Your task: Where the data below begins, start duplicating lines exactly, and finish with the line containing "Oppo A15 Kılıf"; add nothing else. Leave the pictures out.

Given information:
++++++++

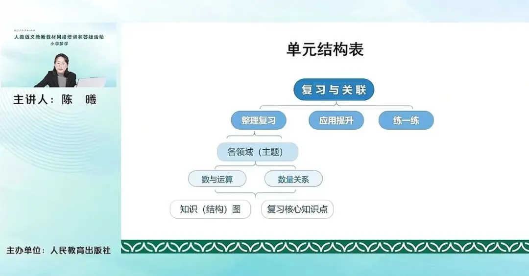 复习与关联,在每一册的最后一个单元叫复习与关联,其实就提示老师,我们的这个单元不仅仅是要进行一个复习整理的过程,更重要的是把各个单元之间有没有联系进行一个梳理归纳看看它们之间有哪些关系。这是我们单元整体的结构表。
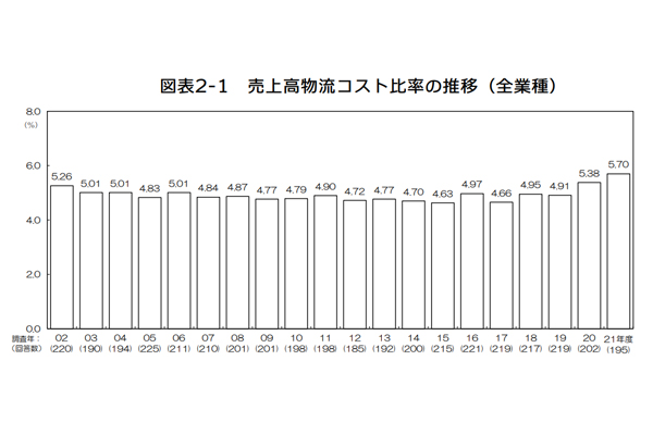 売上高の物流コスト比率、21年度は0.32ポイント増の... -
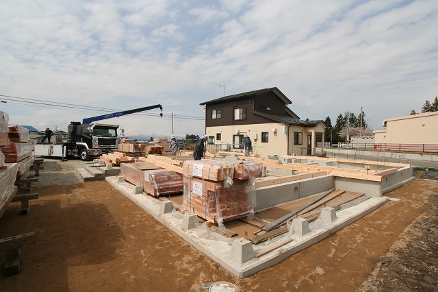 写真の木材は今月上棟を控えている会津美里町の新築住宅の木材です。
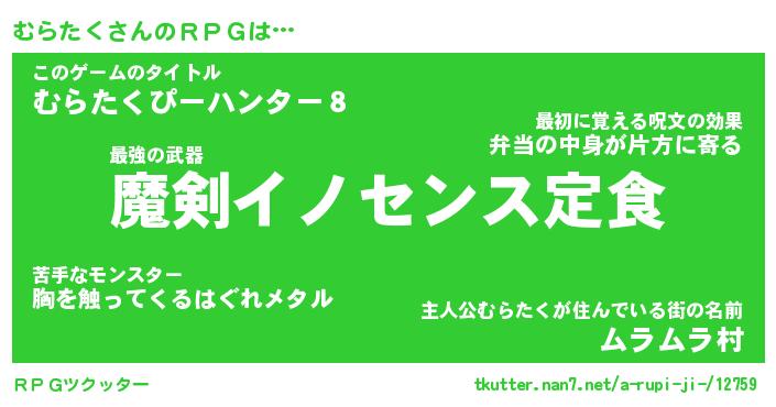 | 男性向けラノベタイトル風あだ名 | 『むらたくの憂鬱』 |
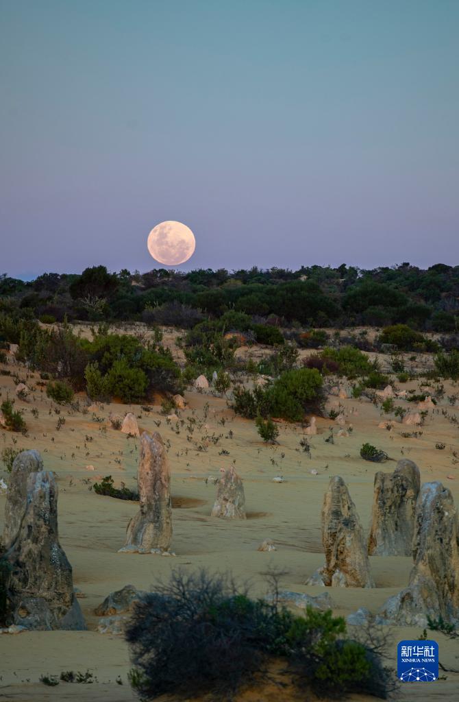 這是6月14日在位于澳大利亞西澳大利亞州的尖峰石陣拍攝的“超級月亮”。
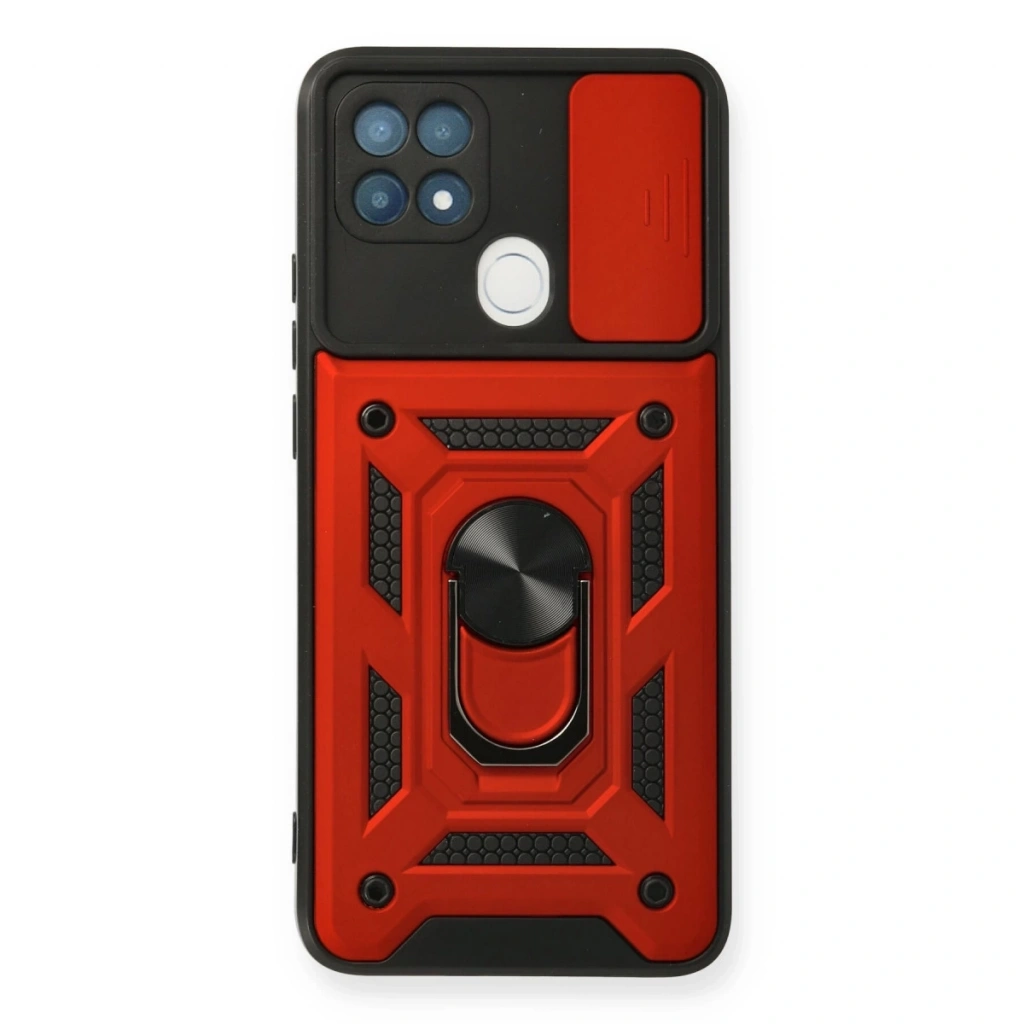 Oppo A15 Kılıf Pars Lens Yüzüklü Silikon - Kırmızı
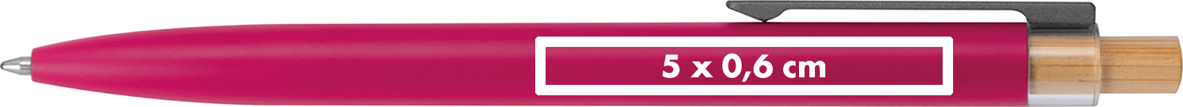 Kugelschreiber aus recyceltem Aluminium mit blauschreibender Mine und Bambusdrücker.Herzlich willkommen zu unserem stilvollen Kugelschreiber aus recyceltem Aluminium mit einem Metallclip, einer blau schreibenden Mine und einem Bambusdrücker – eine durchdachte und moderne Schreiblösung! Produkthighlights: Recyceltes Aluminium: Der Kugelschreiber besteht aus recyceltem Aluminium, das Ressourcen schont und eine bewusste Materialwahl darstellt. Metallclip: Der Metallclip verleiht dem Kugelschreiber eine moderne Optik und sorgt für einen sicheren Halt am Hemd oder in der Tasche. Blau schreibende Mine: Die blau schreibende Mine ermöglicht ein angenehmes und präzises Schreiberlebnis. Bambusdrücker: Der Drücker aus Bambus verleiht dem Schreiber eine natürliche und warme Note. Werbeanbringung: Ihr Logo wird rechts vom Clip auf dem Kugelschreiber graviert, um eine auffällige und personalisierte Präsentation zu gewährleisten.
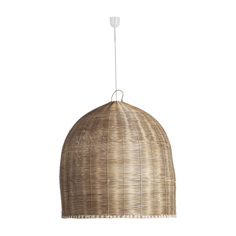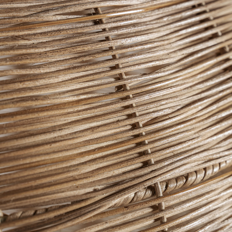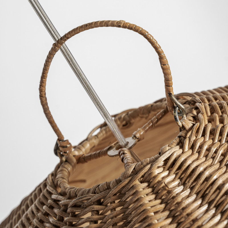 Lampara de colgar de estilo boho fabricado en ratan en color marron.

++++++++

Task response:
 复习与关联,在每一册的最后一个单元叫复习与关联,其实就提示老师,我们的这个单元不仅仅是要进行一个复习整理的过程,更重要的是把各个单元之间有没有联系进行一个梳理归纳看看它们之间有哪些关系。这是我们单元整体的结构表。
 売上高の物流コスト比率、21年度は0.32ポイント増の... -
 写真の木材は今月上棟を控えている会津美里町の新築住宅の木材です。
 | 男性向けラノベタイトル風あだ名 | 『むらたくの憂鬱』 |
 這是6月14日在位于澳大利亞西澳大利亞州的尖峰石陣拍攝的“超級月亮”。
 Oppo A15 Kılıf Pars Lens Yüzüklü Silikon - Kırmızı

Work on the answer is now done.